O relatório de auditoria foi aprovado pelo plenário do tribunal em final de outubro e publicado semana passada. De acordo com o TCU, a fiscalização teve como motivo o alto valor dos recursos públicos utilizados na dragagem do Rio Paraguai.
Há quatro contratos em vigor para os próximos cinco anos, totalizando R$ 107.312.967,72, para manutenção, desobstrução de vegetação e adequação da sinalização do canal navegável. No entanto, não foram encontradas irregularidades em relação a sobrepreço dos serviços contratados.
O tribunal concluiu que há falha no trabalho de medições das réguas. Além das réguas oficiais, cujos resultados podem ser consultados diariamente pelo site da Marinha, são utilizadas réguas não oficiais. Elas são lidas diariamente por moradores locais, pagos para executarem o serviço.
“Tais medições são utilizadas diretamente como fator de correção ao final do cálculo e podem distorcer o levantamento hidrográfico técnico realizado através de batimetrias”, observa o relator do processo no TCU, ministro Augusto Nardes.
Ouvir usuários
O TCU identificou ainda a falta de canal de comunicação do Dnit (Departamento Nacional de Infraestrutura de Transportes ) com os usuários da hidrovia, que permita o controle público da navegação no Rio Paraguai. Segundo o tribunal, o órgão adota procedimento de receber comunicações através de contatos diretos das pessoas que usam a hidrovia.
“Isso pode fazer com que usuários, uma das principais fontes de dados quanto à situação encontrada ao longo do canal hidroviário, deixem de prestar informações que seriam relevantes ao gestor dos contratos da hidrovia”, avalia o relator.

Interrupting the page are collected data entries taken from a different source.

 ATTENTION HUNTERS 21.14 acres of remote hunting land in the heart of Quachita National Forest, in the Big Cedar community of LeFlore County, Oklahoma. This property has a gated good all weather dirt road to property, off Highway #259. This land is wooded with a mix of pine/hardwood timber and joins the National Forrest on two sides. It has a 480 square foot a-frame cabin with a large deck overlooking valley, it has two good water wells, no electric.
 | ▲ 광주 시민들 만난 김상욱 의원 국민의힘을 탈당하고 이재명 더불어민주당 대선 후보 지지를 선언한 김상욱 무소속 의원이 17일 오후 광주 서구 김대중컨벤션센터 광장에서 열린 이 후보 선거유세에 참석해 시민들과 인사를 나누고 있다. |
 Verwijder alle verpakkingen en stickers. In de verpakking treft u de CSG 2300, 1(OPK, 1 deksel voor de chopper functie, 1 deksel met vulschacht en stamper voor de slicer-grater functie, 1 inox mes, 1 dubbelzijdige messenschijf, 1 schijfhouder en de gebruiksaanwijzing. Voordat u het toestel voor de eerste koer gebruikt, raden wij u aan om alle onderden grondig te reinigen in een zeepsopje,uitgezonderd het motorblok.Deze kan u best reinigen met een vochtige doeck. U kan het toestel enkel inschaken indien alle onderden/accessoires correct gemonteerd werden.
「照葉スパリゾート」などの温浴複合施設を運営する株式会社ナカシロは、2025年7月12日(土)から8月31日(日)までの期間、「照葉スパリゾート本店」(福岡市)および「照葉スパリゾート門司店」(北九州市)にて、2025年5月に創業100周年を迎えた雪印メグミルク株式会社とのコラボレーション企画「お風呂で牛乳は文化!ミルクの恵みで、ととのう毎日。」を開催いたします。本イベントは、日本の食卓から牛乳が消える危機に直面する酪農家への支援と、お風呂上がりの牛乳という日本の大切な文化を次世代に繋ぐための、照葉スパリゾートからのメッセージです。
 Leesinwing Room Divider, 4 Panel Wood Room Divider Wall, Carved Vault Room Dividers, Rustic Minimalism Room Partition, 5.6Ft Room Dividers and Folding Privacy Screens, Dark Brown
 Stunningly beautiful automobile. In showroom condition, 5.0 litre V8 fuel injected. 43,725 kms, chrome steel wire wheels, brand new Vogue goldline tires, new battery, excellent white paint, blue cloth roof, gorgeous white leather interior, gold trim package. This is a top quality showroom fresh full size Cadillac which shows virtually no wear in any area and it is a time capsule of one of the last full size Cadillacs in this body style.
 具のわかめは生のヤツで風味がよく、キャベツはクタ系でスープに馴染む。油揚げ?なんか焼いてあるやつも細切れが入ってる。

Nas diligências feitas ao longo da hidrovia, segundo o TCU, foram localizados desafios à navegação em determinados trechos, em razão da existência de bancos de areias e curvas com raios de curvatura mínimos nos canais de tráfego. “Assim, previu-se a execução dos serviços de dragagem no período de vazante do rio, entre os meses de maio e outubro, podendo ser estendido até o mês de novembro”, explica o relatório.
O relator continua: “Foi verificada também grande quantidade de vegetação flutuante levadas pelas águas, como aguapés, galhadas, formando “balseiros”, sob a forma de tufos isolados ou aglomerados, causando paradas sucessivas para limpeza dos detritos vegetais acumulados nos sistemas propulsores das embarcações”.
O ministro Augusto Nardes destaca que a fiscalização resultará em benefícios à hidrovia, como melhoria na gestão e fiscalização de editais e contratos
Na decisão, o tribunal esclarece que a desobstrução da vegetação superficial será feita com a passagem de rebocador em meio às ilhas de plantas aquáticas, com apoio de barcos pequenos. “A vegetação será dispersa pela passagem da embarcação e não será removida do leito do rio. O serviço será realizado especialmente no período de cheia, sempre que necessário”, recomenda.
Tráfego reduzido
O tribunal aponta ainda o “inexpressivo” tráfego de transporte comercial de cargas entre Cáceres e Corumbá, chamado de Tramo Norte: “O Dnit pontuou que a ausência de movimentação de cargas no Tramo Norte está relacionada com as estruturas portuárias nesse trecho da hidrovia que, até o momento da elaboração dos estudos e do último plano de dragagem, não haviam entrado em operação”.
Ao TCU, o Dnit explicou que há previsão de instalação de terminais de uso privado no Tramo Norte, nas regiões de Barranco Vermelho, Paratudal e Paraíso, além da reativação do Porto de Cáceres para retomada do transporte fluvial.
O ministro Augusto Nardes destaca que a fiscalização resultará em benefícios à hidrovia, como melhoria na gestão e fiscalização de editais e contratos no Dnit.
Importância da hidrovia
A parte brasileira da Hidrovia Paraguai-Paraná começa em Cáceres, chega a Corumbá e vai até o rio Apa, no município de Porto Murtinho, em Mato Grosso do Sul, numa extensão de 1.270 km.
Ao apurar a aplicação de recursos nos serviços de dragagem, o Tribunal argumenta que “o canal navegável do rio Paraguai é um dos mais extensos e importantes eixos de integração política, social e econômica da América do Sul”.
A hidrovia tem papel de oferecer alternativa de transporte de passageiros e de cargas em grandes volumes, incluindo produtos agrícolas, minerais, combustíveis e produtos manufaturados, com menor custo em comparação com outros modais, como o rodoviário e o ferroviário.